During the conference, we were given three hours of silent retreat - three hours to spend however we wanted in the city, in silence. I decided to take my trip to the MoMA then. Without speaking a word, I found my way to the subway, took the 20-minute ride up the island, got off and walked to the entrance of the museum. I bought my ticket and took five escalators up to the fifth floor. I didn't know where to start so I went to the first room I saw, room 523. It connected to another room, room 522, Then another, room 521. I kept following the rooms as they decreased in number getting closer and closer to “The Starry Night.”
515, 514, 513... 509, 508... 504, 503... To my surprise, my heart started pounding. I don't know why, but my body was becoming overwhelmed with emotion. Something about anticipating the moment, the moment in which I would see for the first time the original painting that has inspired so much and so many, including my seven-year-old son, made my body pulse with energy.
I went through the final doorway to room 502, and there it was. Right there. There were about a dozen people crowded in front of it, but it wasn’t hard to see it, and eventually I had my turn in the front, standing two feet from the masterpiece. And I wept. I ugly wept, and, unfortunately, I had no kleenex. So, tears and snot just fell across my face as I took in the beauty of such art.

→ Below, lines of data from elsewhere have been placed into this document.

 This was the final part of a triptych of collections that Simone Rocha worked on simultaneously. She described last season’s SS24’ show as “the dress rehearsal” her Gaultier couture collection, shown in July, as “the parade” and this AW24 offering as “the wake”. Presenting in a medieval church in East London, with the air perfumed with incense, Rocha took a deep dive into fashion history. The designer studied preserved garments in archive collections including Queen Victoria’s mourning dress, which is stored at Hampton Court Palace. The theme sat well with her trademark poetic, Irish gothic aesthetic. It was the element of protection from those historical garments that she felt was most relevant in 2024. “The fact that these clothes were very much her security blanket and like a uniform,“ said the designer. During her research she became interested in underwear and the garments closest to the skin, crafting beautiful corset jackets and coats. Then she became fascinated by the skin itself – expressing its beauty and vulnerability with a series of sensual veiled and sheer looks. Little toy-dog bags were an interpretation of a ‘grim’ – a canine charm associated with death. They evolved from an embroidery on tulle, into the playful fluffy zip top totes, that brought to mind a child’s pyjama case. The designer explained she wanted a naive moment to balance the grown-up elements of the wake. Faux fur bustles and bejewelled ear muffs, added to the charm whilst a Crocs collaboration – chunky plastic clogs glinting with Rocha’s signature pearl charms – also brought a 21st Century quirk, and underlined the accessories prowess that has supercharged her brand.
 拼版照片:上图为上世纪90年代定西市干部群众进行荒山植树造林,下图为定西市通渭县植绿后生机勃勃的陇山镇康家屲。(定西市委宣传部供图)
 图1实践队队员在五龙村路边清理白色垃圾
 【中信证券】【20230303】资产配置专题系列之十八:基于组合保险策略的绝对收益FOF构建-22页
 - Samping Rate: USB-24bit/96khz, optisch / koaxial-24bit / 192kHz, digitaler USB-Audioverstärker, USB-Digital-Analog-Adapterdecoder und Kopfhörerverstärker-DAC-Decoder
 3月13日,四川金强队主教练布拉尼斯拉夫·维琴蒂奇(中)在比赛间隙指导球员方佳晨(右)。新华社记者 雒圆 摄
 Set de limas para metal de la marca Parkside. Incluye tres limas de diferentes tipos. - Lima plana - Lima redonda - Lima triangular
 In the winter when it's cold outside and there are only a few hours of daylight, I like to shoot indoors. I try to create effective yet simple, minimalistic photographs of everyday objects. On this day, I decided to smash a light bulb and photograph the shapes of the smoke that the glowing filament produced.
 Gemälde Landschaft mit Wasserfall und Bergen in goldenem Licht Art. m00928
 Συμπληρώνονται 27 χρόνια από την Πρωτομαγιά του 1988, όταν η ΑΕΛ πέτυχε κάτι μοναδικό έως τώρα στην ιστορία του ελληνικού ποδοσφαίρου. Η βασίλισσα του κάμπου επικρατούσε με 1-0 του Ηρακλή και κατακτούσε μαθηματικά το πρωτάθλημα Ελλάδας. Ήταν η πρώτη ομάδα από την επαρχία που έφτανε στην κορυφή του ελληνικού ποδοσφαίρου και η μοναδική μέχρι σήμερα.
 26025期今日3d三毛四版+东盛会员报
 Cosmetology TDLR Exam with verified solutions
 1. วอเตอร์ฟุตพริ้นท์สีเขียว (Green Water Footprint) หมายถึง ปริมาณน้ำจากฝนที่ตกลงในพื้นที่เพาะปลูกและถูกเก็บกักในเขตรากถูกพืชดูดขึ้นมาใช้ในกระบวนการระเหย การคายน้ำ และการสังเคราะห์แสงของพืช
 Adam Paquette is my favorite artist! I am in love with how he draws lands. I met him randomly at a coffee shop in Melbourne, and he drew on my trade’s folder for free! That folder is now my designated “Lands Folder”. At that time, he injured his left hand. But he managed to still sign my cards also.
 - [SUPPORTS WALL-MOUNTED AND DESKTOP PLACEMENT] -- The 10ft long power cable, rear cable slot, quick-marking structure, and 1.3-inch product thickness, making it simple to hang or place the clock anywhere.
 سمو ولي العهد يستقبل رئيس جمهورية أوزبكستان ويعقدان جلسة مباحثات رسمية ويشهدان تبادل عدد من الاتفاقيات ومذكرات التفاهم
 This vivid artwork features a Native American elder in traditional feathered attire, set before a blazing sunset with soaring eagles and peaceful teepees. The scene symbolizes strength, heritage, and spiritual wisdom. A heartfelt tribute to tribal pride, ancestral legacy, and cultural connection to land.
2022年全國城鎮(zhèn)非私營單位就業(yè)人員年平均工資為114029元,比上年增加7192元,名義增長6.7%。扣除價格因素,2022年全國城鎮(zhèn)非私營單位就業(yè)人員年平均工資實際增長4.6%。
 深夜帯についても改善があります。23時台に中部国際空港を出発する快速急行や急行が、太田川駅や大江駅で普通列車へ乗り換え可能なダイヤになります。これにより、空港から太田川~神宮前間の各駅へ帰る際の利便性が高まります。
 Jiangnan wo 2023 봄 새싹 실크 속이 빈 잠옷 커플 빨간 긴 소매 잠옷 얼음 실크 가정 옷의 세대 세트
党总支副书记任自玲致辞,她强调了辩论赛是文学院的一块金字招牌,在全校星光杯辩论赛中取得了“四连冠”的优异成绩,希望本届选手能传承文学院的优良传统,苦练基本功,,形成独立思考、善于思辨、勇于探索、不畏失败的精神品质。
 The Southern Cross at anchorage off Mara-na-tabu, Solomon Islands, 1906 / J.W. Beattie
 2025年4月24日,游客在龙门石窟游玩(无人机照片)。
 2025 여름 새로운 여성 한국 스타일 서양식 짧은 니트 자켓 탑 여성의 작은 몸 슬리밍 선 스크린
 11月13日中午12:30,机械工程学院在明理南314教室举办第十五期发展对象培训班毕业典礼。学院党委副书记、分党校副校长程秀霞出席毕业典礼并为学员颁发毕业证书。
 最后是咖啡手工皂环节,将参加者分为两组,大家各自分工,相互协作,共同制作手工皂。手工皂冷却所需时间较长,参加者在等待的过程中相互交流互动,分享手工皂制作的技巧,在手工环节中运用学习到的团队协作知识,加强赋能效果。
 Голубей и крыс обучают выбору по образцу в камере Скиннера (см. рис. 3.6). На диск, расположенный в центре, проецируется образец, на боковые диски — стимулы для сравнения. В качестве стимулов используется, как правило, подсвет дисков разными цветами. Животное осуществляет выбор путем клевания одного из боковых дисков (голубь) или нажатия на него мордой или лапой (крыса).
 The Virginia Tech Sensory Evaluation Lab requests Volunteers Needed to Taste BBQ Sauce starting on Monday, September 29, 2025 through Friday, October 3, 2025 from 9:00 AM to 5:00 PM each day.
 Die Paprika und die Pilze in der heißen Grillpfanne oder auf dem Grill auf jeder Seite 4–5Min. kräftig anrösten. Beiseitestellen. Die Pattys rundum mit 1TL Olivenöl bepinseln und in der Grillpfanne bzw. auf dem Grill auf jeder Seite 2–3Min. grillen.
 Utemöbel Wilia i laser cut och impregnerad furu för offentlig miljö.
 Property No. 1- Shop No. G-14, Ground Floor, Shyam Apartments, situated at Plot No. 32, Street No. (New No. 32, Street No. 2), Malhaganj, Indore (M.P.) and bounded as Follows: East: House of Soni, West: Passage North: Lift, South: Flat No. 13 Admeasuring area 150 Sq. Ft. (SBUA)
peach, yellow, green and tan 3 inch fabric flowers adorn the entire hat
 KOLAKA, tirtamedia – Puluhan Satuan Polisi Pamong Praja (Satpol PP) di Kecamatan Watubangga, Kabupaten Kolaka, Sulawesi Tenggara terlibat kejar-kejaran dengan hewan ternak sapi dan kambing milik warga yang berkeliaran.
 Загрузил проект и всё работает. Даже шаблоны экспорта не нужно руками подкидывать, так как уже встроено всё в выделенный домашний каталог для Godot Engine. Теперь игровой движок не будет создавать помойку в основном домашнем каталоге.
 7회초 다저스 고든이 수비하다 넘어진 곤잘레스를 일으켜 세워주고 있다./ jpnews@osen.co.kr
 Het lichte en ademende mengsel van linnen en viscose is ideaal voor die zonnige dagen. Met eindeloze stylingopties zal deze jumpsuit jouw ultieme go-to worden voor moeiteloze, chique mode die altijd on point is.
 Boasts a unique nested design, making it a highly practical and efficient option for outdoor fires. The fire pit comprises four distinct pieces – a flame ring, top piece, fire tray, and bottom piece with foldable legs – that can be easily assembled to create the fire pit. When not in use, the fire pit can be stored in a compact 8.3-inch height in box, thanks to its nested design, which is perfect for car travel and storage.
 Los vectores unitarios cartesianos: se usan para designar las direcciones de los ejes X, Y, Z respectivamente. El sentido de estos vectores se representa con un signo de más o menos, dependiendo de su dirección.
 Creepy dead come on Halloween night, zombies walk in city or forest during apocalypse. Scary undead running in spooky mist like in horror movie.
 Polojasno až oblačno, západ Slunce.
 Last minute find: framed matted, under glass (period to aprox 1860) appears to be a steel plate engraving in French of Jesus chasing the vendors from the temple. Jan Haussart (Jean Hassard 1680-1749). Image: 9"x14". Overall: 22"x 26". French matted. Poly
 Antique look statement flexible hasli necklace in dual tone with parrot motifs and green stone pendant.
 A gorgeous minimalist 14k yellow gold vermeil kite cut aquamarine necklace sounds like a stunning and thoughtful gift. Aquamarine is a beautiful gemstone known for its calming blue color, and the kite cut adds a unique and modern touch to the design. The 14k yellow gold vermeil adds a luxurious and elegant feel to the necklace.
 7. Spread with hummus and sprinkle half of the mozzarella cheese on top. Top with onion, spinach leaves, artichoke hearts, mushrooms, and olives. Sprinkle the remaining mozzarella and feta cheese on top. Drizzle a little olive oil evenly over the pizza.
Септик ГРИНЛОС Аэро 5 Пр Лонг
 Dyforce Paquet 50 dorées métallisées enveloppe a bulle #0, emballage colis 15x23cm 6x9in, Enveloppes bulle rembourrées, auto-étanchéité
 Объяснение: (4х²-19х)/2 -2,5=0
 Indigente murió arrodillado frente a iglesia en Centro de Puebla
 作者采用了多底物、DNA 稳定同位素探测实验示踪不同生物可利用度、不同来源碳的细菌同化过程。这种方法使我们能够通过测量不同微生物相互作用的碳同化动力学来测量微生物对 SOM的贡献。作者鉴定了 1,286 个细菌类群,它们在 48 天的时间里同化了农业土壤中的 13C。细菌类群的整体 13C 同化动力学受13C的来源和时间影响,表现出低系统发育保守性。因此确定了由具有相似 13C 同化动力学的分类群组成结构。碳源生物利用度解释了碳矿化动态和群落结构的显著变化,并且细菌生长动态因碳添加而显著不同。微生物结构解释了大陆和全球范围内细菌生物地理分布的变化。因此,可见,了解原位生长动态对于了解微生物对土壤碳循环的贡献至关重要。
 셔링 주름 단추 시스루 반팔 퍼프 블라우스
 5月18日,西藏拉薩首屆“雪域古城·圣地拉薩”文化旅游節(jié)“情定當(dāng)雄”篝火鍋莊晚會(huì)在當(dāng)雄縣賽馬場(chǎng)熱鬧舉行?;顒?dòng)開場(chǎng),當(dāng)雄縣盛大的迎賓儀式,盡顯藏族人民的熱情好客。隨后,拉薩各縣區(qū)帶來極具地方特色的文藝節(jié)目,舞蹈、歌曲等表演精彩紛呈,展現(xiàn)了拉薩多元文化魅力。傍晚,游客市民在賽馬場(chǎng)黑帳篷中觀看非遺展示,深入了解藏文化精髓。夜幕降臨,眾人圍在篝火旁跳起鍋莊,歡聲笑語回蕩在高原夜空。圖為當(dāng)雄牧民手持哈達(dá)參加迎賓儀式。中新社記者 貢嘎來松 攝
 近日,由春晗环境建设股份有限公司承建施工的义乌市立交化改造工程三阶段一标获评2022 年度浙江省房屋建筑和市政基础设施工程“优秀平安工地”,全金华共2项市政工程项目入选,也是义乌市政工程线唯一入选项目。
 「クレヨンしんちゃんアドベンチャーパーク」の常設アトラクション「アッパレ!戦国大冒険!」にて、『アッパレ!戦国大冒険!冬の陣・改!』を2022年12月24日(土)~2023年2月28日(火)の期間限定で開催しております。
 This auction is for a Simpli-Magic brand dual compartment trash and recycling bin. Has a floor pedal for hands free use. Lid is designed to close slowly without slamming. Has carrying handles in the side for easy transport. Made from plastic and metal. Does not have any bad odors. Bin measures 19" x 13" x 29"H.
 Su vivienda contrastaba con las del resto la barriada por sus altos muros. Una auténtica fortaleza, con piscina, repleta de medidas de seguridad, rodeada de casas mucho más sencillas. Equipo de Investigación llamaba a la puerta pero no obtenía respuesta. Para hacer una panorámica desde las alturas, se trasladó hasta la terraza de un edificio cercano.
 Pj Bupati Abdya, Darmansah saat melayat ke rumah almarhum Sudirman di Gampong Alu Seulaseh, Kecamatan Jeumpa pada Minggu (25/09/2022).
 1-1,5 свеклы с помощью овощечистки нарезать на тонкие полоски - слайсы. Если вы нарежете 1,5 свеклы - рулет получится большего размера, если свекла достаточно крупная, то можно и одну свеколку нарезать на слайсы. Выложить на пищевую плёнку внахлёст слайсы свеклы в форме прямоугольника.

Eventually I sat down on a bench nearby and pulled up Cheryl Strayed’s book “Tiny Beautiful Things.” I had remembered that she wrote a letter once about van Gogh. A woman had written to her asking for advice about a sexual assault she had suffered. Cheryl wrote back and shared that a close friend of hers, who’s a semi-famous artist, had been sexually assaulted three different times in the course of her life by three different men.
Cheryl asked her once how she was able to keep going and make such beautiful art despite the horrors that happened to her. Her friend said, “At a certain point we get to decide who it is we allow to influence us... I could allow myself to be influenced by three men who abused me, or I could allow myself to be influenced by van Gogh. I chose van Gogh.”
I sat on that bench and thought about that line. “I chose van Gogh.” I also thought about my son and his love for the painting, and all I could think was that I hope his life derives more meaning from van Gogh than all the other horrors this world has to offer.
Life is so brutal, we know that acutely after this last weekend, and I hope these things in some ways influence us - influence us to action, to vote, to speak up and fight. But I also hope our lives can derive meaning from all the beauty of this world too. And I hope our hearts remain soft enough that we can stop and admire the gifts of life and appreciate the wonder of the starry night.